Although one embodiment of the present invention has been described above, the present invention is not limited to this and various modifications are possible. For example, support piece 1 of supporter S
a, 1b, 2a, and 3a can be appropriately selected in shape, size, number, etc. within a range that can provide sufficient supporting force.

The present invention includes a tubular enclosure made of a glass tube, a laser tube disposed inside the enclosure, a metal cylindrical cathode with a free end, and a supporter that holds the laser tube and the cylindrical cathode. The supporter has a metal substrate extending in the radial direction of the enclosure, and the supporter is formed at the peripheral edge of the metal substrate and is bent in opposite directions with respect to the metal substrate to extend inside the enclosure. A plurality of long first support pieces and a plurality of short second support pieces elastically press against the peripheral wall.
a fixing support part consisting of a support piece; a cathode holding part formed on the peripheral edge of the metal substrate to hold the tip of the cathode; and a cathode holding part formed on the outer peripheral wall of the laser thin tube formed in the center of the metal substrate. Since the gas laser tube is characterized by having a laser capillary support section consisting of a plurality of support pieces that are elastically pressed together, the displacement of the laser capillary tube and cathode can be reliably suppressed by the supporter with a simple structure, making it an excellent product. It has excellent vibration and impact resistance.

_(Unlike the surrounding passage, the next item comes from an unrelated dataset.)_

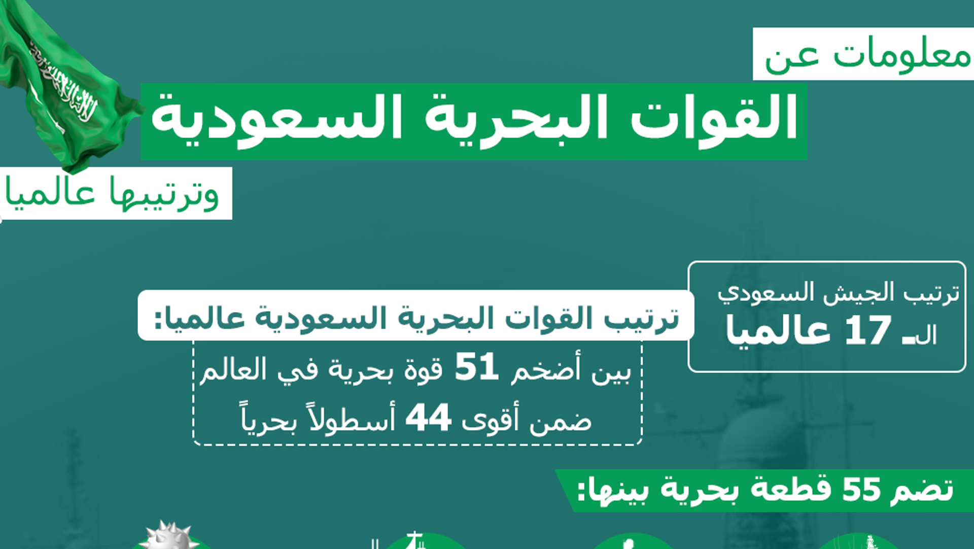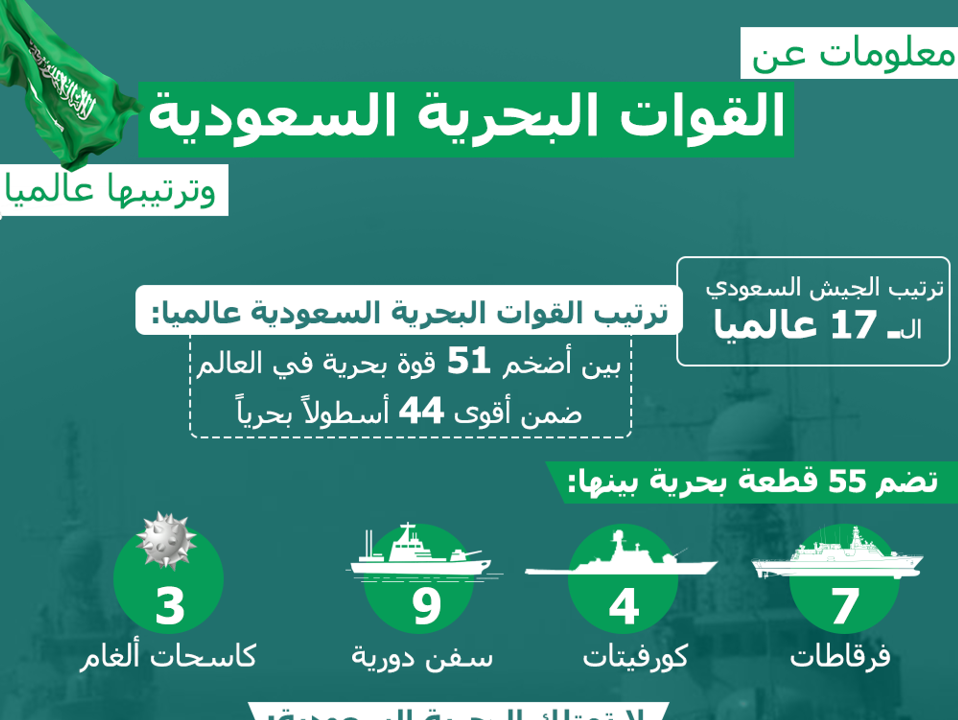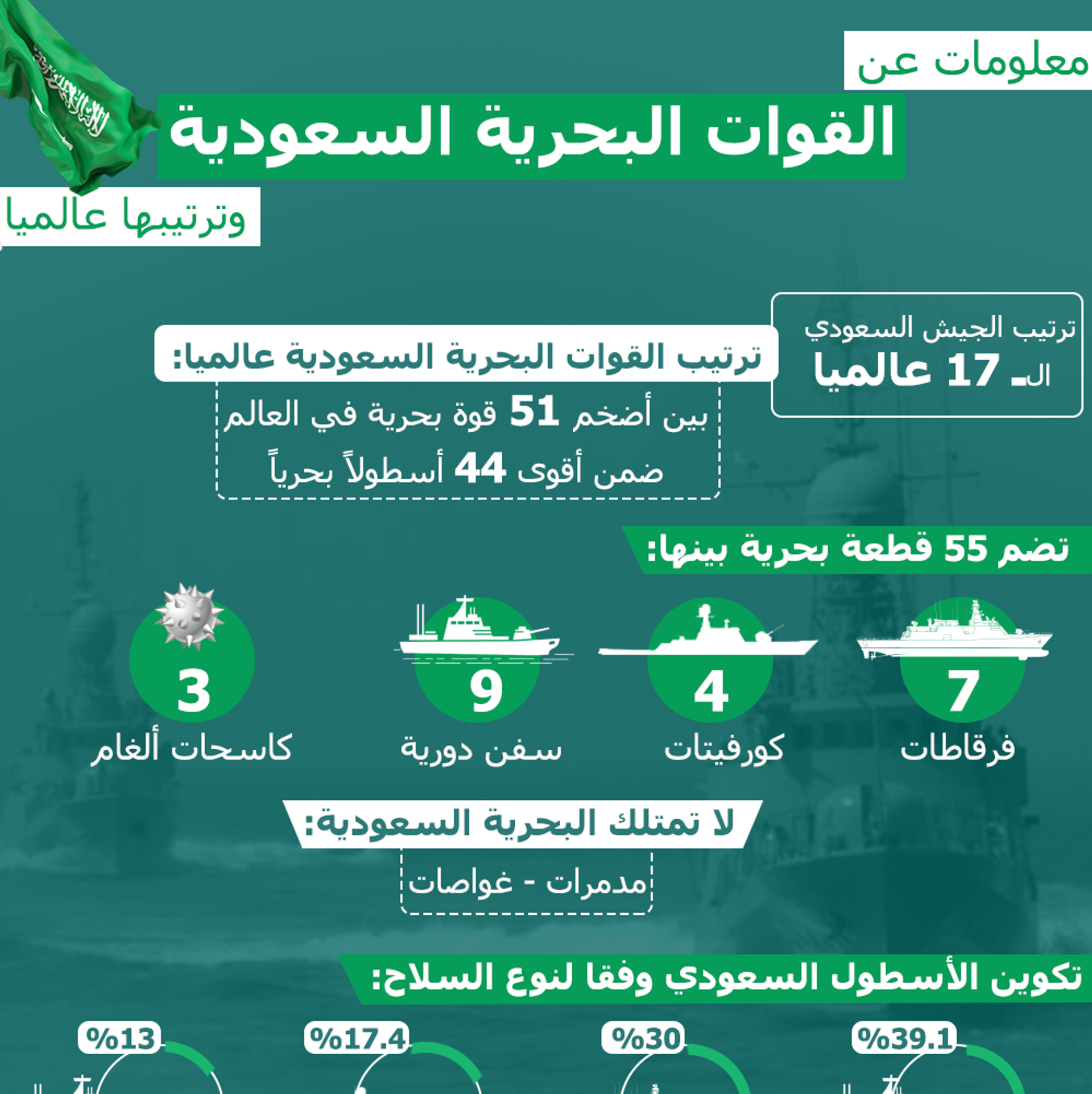 كل نوعية القطع البحرية المتطورة التي يملكها الأسطول السعودي يجعلها في المرتبة رقم 44 من حيث القوة والكفاءة القتالية للوحدات البحرية، التي تملكها الأساطيل البحرية حول العالم.

[Brief explanation of the drawing]

Fig. 1 is a cross-sectional view schematically showing an example of a gas laser tube, Fig. 2 is a cross-sectional view showing an enlarged main part of an embodiment of the present invention, and Fig. 3 constitutes the embodiment shown in Fig. 2. FIG. 3 is an external view showing the supporter in an expanded state. 1... Glass tube, 2A, 2B... End plate, 3...
Encapsulant, 6... Laser tube, 8... Cathode, 9...
...Lead rod, S...Supporter, S1...Fixing support part, S2...Cathode holding part, S3...Laser thin tube support part, S4...Substrate, 1a, 1b, 2a,
3a...Support piece.

Claims (1)

[Claims for Utility Model Registration] A tubular enclosure made of a glass tube, a laser capillary disposed within the envelope and a metal cylindrical cathode with a free end, the laser capillary and the tubular cathode a supporter for holding the enclosure; the supporter is formed at a peripheral edge of the metal substrate and is bent in opposite directions relative to the metal substrate, and the supporter is bent in opposite directions relative to the metal substrate; a fixing support section consisting of a plurality of long first support pieces and a plurality of short second support pieces that are elastically pressed against the inner circumferential wall of the enclosure; , a cathode holding part that holds the tip of the cathode, and a laser capillary support part formed in the center of the metal substrate and consisting of a plurality of support pieces that are elastically pressed against the outer circumferential wall of the laser capillary. Characteristic gas laser tube.